9000020010
Level:
A
Choose the equation which is obtained by squaring both
sides of the following equation.
\[
\sqrt{x^{2 } - x + 5} = 2x - 5
\]
\(3x^{2} - 19x + 20 = 0\)
\(x^{2} + 3x + 20 = 0\)
\(3x^{2} + x - 30 = 0\)
\(3x^{2} + x + 20 = 0\)
A
9000020910
Level:
A
The perimeter of a rectangle is \(28\, \mathrm{cm}\).

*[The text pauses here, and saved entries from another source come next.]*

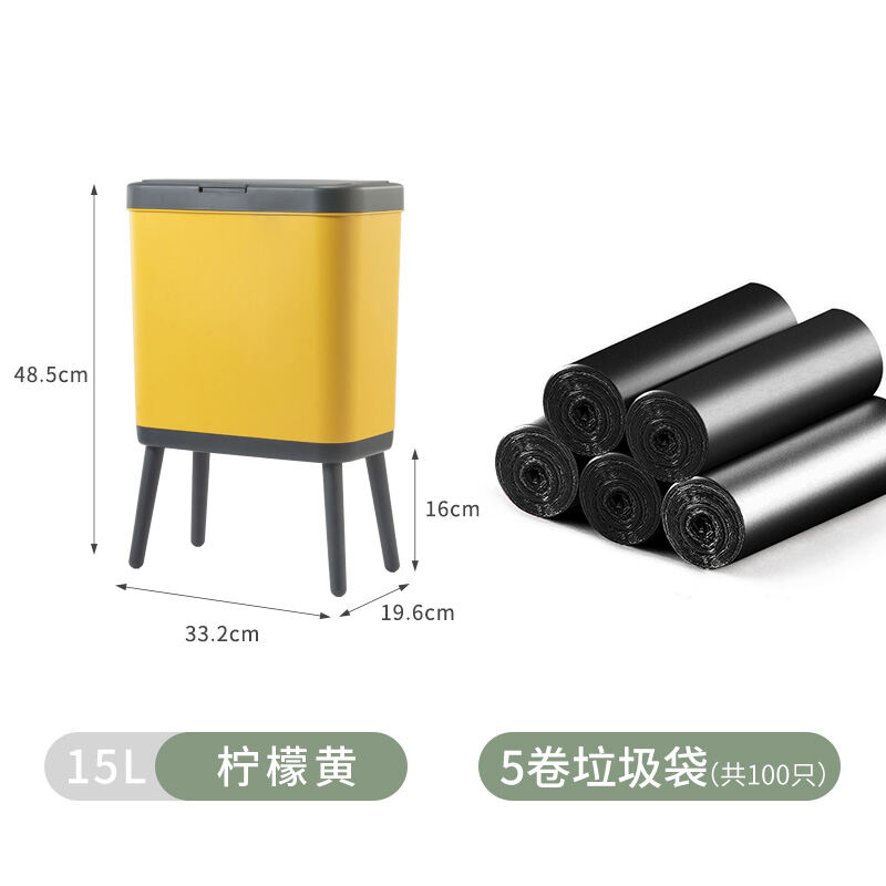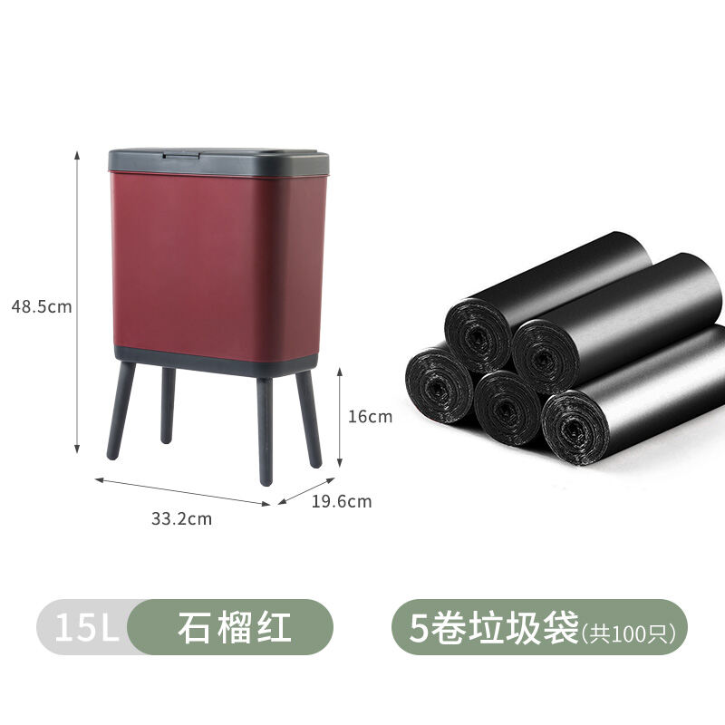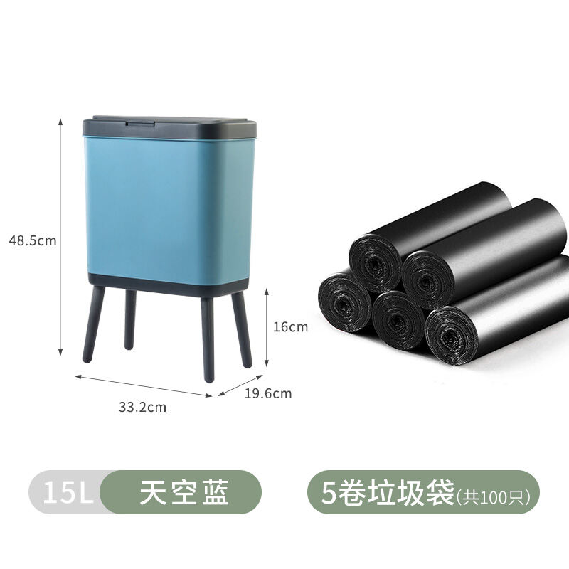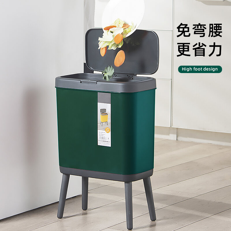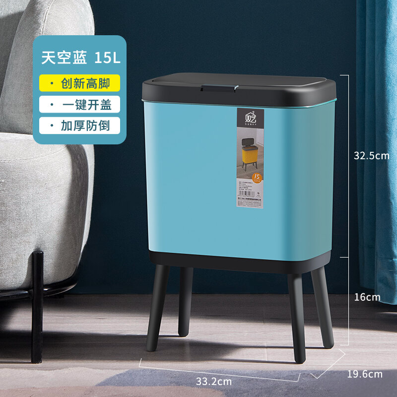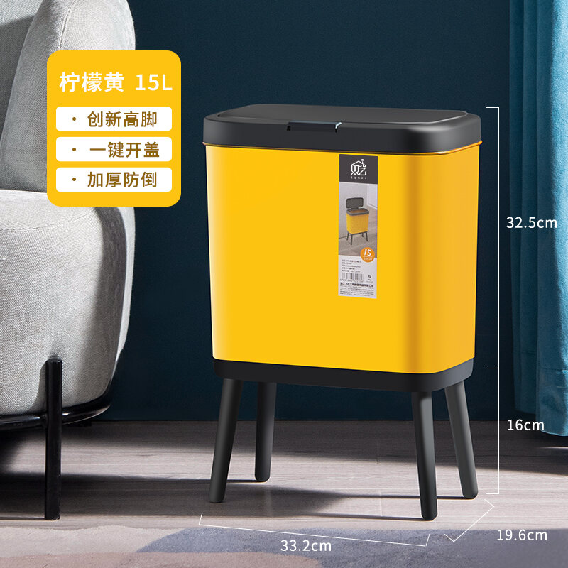 Kitchen Trash Can Household Toilet Bathroom Bedroom Large Capacity Living Room with Lid Light Luxury Press High Leg Trash Can
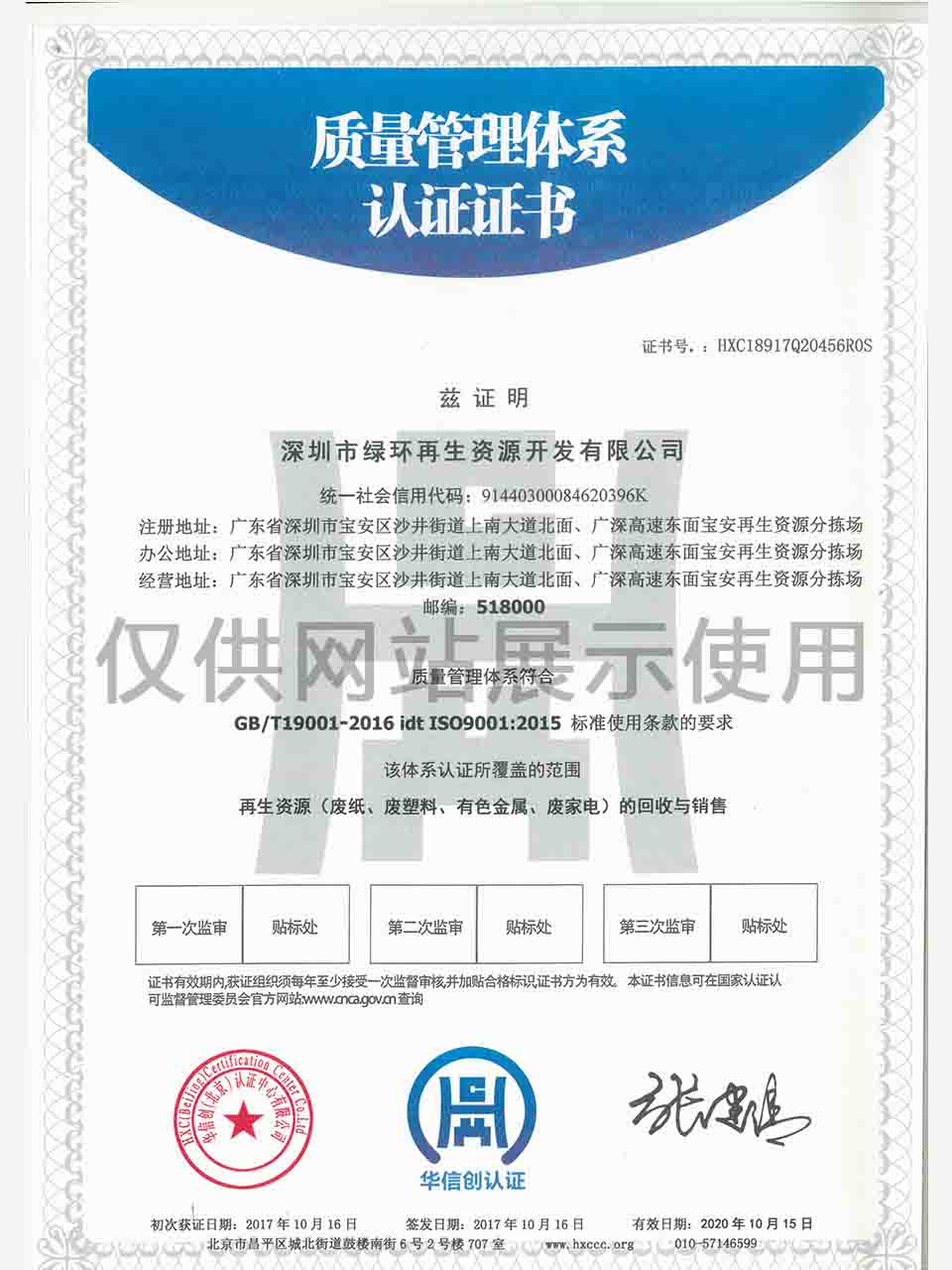 质量管理体系认证证书
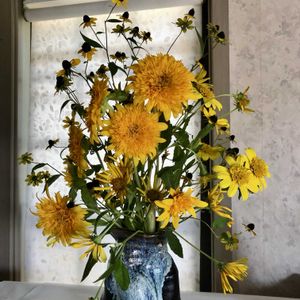 向日葵🌻ももう終わりなので最後にルドベキアやヘリアンサスと一緒に生けました。 向日葵レモネード ルドベキアタカオ 姫ヒマワリ ヘリアンサスハッピーデイズ 花器 益子焼
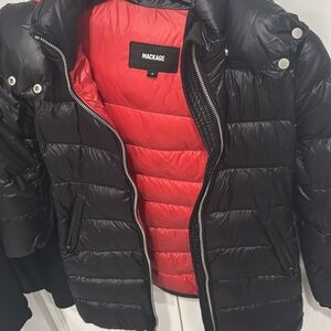 Stylish Mackage jacket. Vibrant red color. Perfect for any occasion.
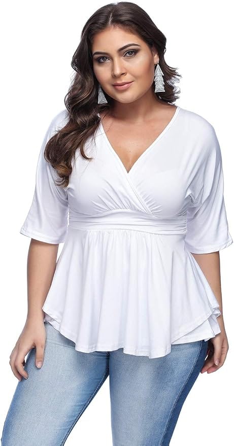 On days when you’re in a rush, this short-sleeved tunic makes getting dressed a breeze; designed with a crossover surplice neckline and a slightly flared hem, it looks stunning the minute you put it on, no tucking required. The stretchy fabric features strategically placed ruching to accent any cleavage you want to show, for an effortlessly sexy look that’ll turn heads.
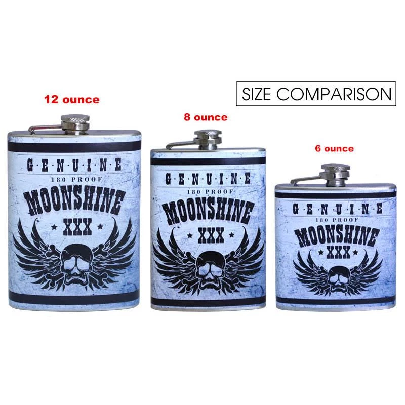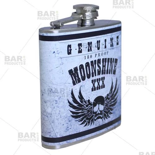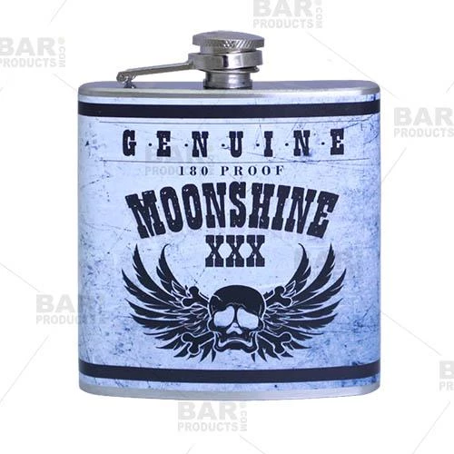 These trendy Hip Flasks not only showcase an extremely high quality, thick food grade (304) stainless steel material, but they also feature a full color design wrap to add a bit more personality to your incognito cocktail. This cool moonshine label design is trendy and fun to represent your favorite booze incognito.

The diagonal of this rectangle is \(10\, \mathrm{cm}\).
Find the sides of the rectangle.
\(8\, \mathrm{cm}\)
and \(6\, \mathrm{cm}\)
\(7\, \mathrm{cm}\)
and \(7\, \mathrm{cm}\)
\(9\, \mathrm{cm}\)
and \(5\, \mathrm{cm}\)
\(7\, \mathrm{cm}\)
and \(3\, \mathrm{cm}\)
9000020401
Level:
A
Solve the following quadratic equation.
\[
-x^{2} + 12x - 20 = 0
\]
\(x_{1} = 2\),
\(x_{2} = 10\)
\(x_{1} = -2\),
\(x_{2} = 10\)
\(x_{1} = -2\),
\(x_{2} = -10\)
\(x_{1} = 2\),
\(x_{2} = -10\)
9000020906
Level:
A
Identify an equation which can be obtained from the following system by
eliminating one of the variables.
\[ \begin{alignedat}{80}
&y^{2} & - &2 &x & + &3 & = 0 & & & & & & & &
\\ &x & - & &y & - &1 & = 0 & & & & & & & &
\\\end{alignedat}\]
\((y - 1)^{2} = 0\)
\((y + 1)^{2} = 0\)
\((x - 4)^{2} = 0\)
\((x + 2)^{2} = 0\)
9000020402
Level:
A
Identify an equation which does not have real solution.
\(x^{2} - 2x + 5 = 0\)
\(x^{2} - 5 = 0\)
\(x^{2} + 0.8x = 0\)
\(- x^{2} + 2x + 35 = 0\)
9000020403
Level:
A
Identify an equation which does not have at least one solution in the interval
\((0;\infty )\).
\(x^{2} + 5x + 6 = 0\)
\(x^{2} - 2x - 3 = 0\)
\(x^{2} - 10x = 0\)
\(x^{2} - 10x + 24 = 0\)
9000020405
Level:
A
Identify an equation which does not have the set
\(K = \{ - 3;6\}\) as the
set of all solutions of this equation.
\(3x^{2} - 9x + 54 = 0\)
\(2x^{2} - 6x - 36 = 0\)
\(\frac{1}
{3}x^{2} - x - 6 = 0\)
\(- x^{2} + 3x + 18 = 0\)
9000020407
Level:
A
In the following list identify an equation with real solution.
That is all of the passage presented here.